From Research Fortnight.
One of my favourite photos shows a van adrift in the middle of a Mongolian river. The unfortunate occupants, who came to no harm, were volunteers recording ultrasonic bat sounds for my research on bat populations.
This project, called iBats, began more than six years ago, when I scaled-up traditional bat-monitoring methods so that anyone could, with some hi-tech gadgetry, use them. At the time, most volunteers on science projects needed a good initial knowledge base, and so tended to be interested amateurs. Poor scientific design had given some citizen science projects a bad name among academics.
Today, all that has changed. Thanks to the increasing ubiquity of smartphones and tablets, the past 18 months have seen an extraordinary growth in applications that take images, sounds, and other recordings to feed into research projects. Social media and gaming are rapidly changing who can take part in science, and how they can participate. My Mongolian picture’s most recent outing was a fortnight ago at the Zoological Society of London, at a symposium entitled Smarter Science: The power of the crowd, which highlighted the boom in both the quantity and variety of citizen science.
Some projects use citizens as sensors. If your phone has the WideNoise app, you can use it to collect data for University College London’s map of noise pollution. If you’ve also got the London School of Economics and Politics’ Mappiness app, you can then record how that affects your wellbeing. The iBats app gathers ultrasonic sounds with the help of a special microphone.
Other projects use citizens as thinkers, to categorise data that is too difficult for a computer to process. At Zooniverse.org, there are opportunities to help make sense of everything from telescope images in astronomy, to whale calls, to ancient texts; over 700,000 people have joined in. Darwin Tunes allows participants to steer the cultural evolution of music, while fold.it lets them grapple with the complexities of protein folding.

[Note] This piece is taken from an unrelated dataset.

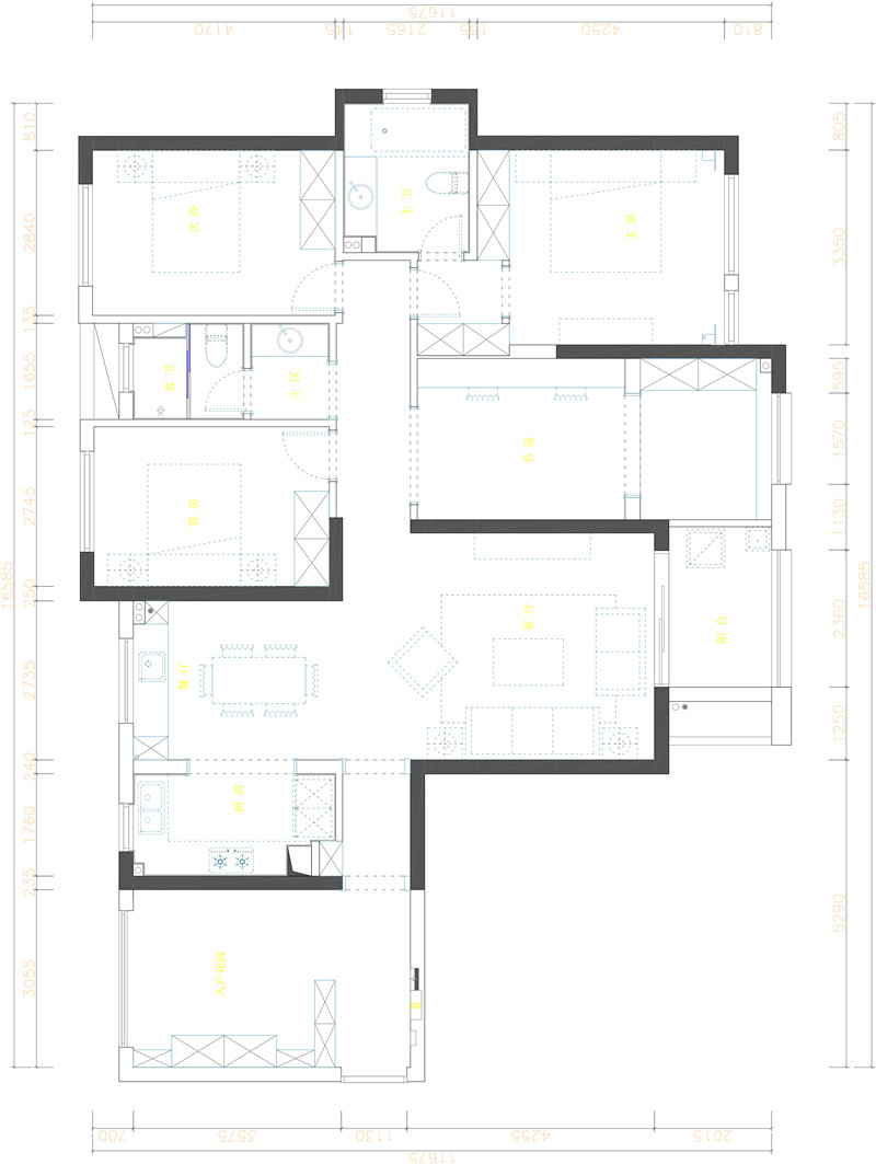本案為三房兩廳,南北通透??臻g較為規整,進門沒有獨立的玄關區域,且聯通著窄長的餐廳區域。將餐廳劃分出部分空間,設計了一個開放式的書房,滿足了女主人在家上網的需求,又增加了較多的儲物空間,補給進門較為小巧的鞋柜。餐廳卡座的設計,在增加儲物的同時,也增添的趣味,同時釋放出了更大的通道便于出入廚房及書房。冰箱移至餐廳區域,讓廚房的空間更大化的利用,更好的滿足女主人對于臺面和儲物的需求。

More radical approaches blur the distinction between citizen and scientist. For example, in 2010 the respected international journal Biology Letters published a study on bumblebee vision coordinated by researchers at UCL and designed, carried out and written up by a class of primary school children in Devon.

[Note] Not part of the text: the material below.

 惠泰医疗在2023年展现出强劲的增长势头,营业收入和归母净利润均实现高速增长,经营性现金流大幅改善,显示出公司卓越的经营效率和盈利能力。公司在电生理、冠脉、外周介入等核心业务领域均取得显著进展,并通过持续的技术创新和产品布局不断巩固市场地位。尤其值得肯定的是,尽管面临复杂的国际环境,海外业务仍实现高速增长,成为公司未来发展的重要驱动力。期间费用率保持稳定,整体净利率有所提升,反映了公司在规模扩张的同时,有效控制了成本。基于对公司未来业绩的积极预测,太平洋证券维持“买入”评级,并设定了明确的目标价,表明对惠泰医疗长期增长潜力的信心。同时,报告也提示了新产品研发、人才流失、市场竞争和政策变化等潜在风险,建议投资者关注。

The number of do-it-yourself scientists is also growing, as the skills to programme smartphones spread and amateurs begin designing their own hardware using customisable computers such as Raspberry Pi, which is the size of a credit card and costs about $30. I haven’t seen a cheap ultrasonic microphone for a Raspberry Pi yet, but I would bet that one is months not years away.
Projects can mobilise and organise the public with astonishing speed to provide data on topical issues. The development, by researchers at the University of East Anglia, of the Ashtag app to monitor ash dieback is a recent example. Governments are waking up to the importance of citizen science too, perhaps seeing it as a good deal in a climate of austerity—a guide (pdf) published by the UK Environmental Observation Framework last week highlights the approach’s quality and cost-effectiveness.
Although researchers’ perception of the value of citizen science has changed radically in the last six years, challenges remain. Such projects put scientists in unfamiliar territory: they have to generate, train and build capacity in users, while providing feedback and rewards, and designing a study that is feasible, scalable, and interesting enough to be published. With this in mind, I often collaborate with organisations experienced in engaging and retaining volunteers.
The growth of citizen science raises other issues. The proliferation of projects might mean that scientists have to compete for public attention, efforts may be duplicated, data standards may not be agreed, and projects might be developed without consideration of users or politics. The recent development of citizen science platforms, such as Zooiniverse or iNaturalist, which have common data standards and suites of projects or tools might ameliorate these issues.
Crowd-collected data also pose new analytical and visualisation challenges. Projects such as the ZSL’s Instant Wild, which shows images from automatic cameras, collect more data than they can analyse. Designing ways to recognise biodiversity images and sounds automatically is an exciting challenge.
The democratisation of research continues apace and I hope that eventually anyone will be able to ask and answer questions about their world. Just as it is becoming increasingly meaningless to distinguish between online society and the physical world, so in another six years, citizen science might be just science.